Née d'une promenade dans les rues de New York en mai 2005, Streetscherche à traduire une expérience très particulière de la ville : la densité d'activités simultanées, l'impossibilité d'isoler un geste ou une trajectoire sans qu'ils ne soient " brouillés " par des dizaines d'autres, et cette impression paradoxale d'une globalité presque statique malgré l'agitation permanente. C'est précisément ce phénomène que Bruno Mantovani met en musique, en construisant une oeuvre où l'intensité ne dépend pas d'une modulation ou d'un développement thématique traditionnel, mais d'un travail de perception et de texture.
Dans un univers harmonique volontairement restreint (toute la pièce repose sur un seul accord), le discours alterne moments très animés et séquences plus calmes où le silence relatif n'est jamais synonyme d'immobilité. L'écriture met en avant des transformations progressives d'éléments identifiables vers des trames accumulatives, dans un esprit proche de ce que l'on nomme la " synthèse granulaire " en électroacoustique : l'oreille est invitée à suivre l'évolution de la matière, ses densités, ses couleurs et ses micro-variations, plutôt qu'une narration fondée sur la juxtaposition.
Streetsreprésente également un défi formel : Mantovani s'impose une conception plus directionnelle de la forme, sans collage d'idées, tout en conservant l'énergie caractéristique de son écriture.

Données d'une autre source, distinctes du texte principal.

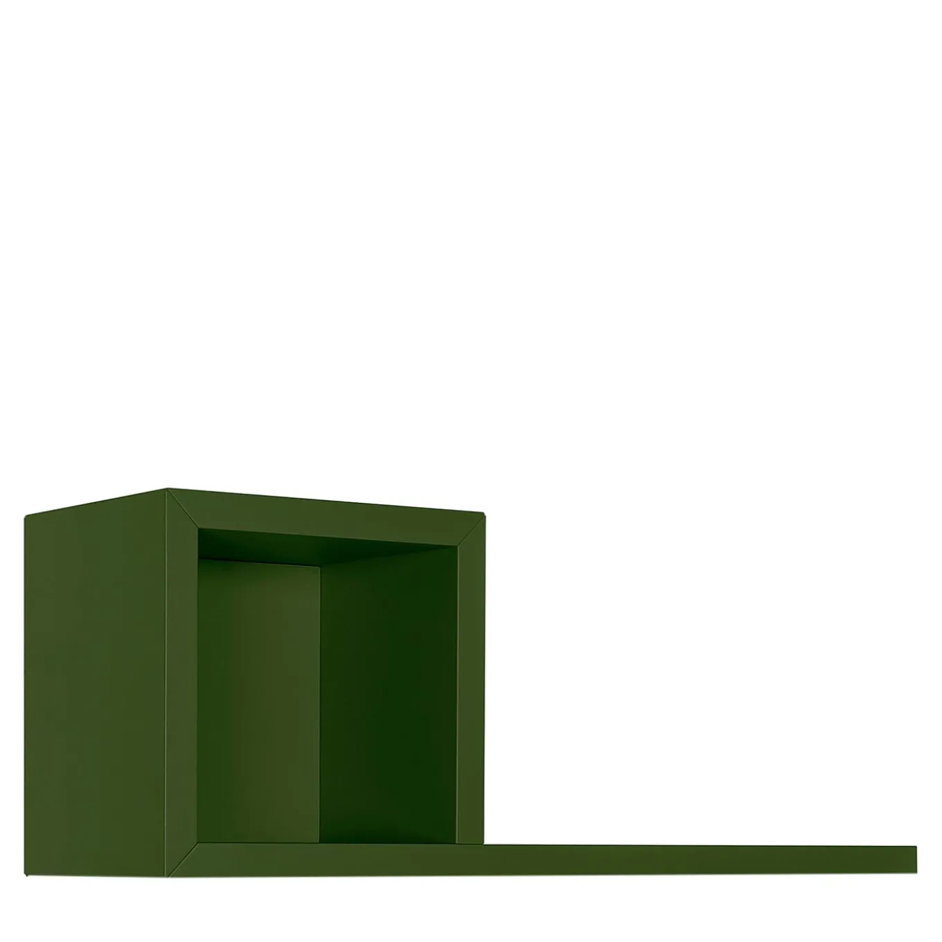 Minimalism and dynamism unexpectedly merge in this shelf by Alan Cornolti. Conceived to be positioned as desired, it features a clean structure obtained by assembling MDF panels (3cm-thick) lacquered in matte-green and finished with a textured feel. Books can be both neatly organized in the cubic open unit or freely arranged on the mere horizontal element. Retractable hooks allow for a steady yet discreet anchoring. Also available with the box on the right and in different colors, please contact the Concierge for further information.

Il choisit en outre un format resserré (environ une quinzaine de minutes) et un ensemble de petites dimensions, contrastant avec ses projets plus étendus et ses effectifs habituels. Pour l'interprète, la partition demande une grande rigueur d'ensemble, une précision rythmique constante et une attention fine aux équilibres, afin que les strates restent lisibles et que la tension demeure jusqu'à une fin volontairement énergique.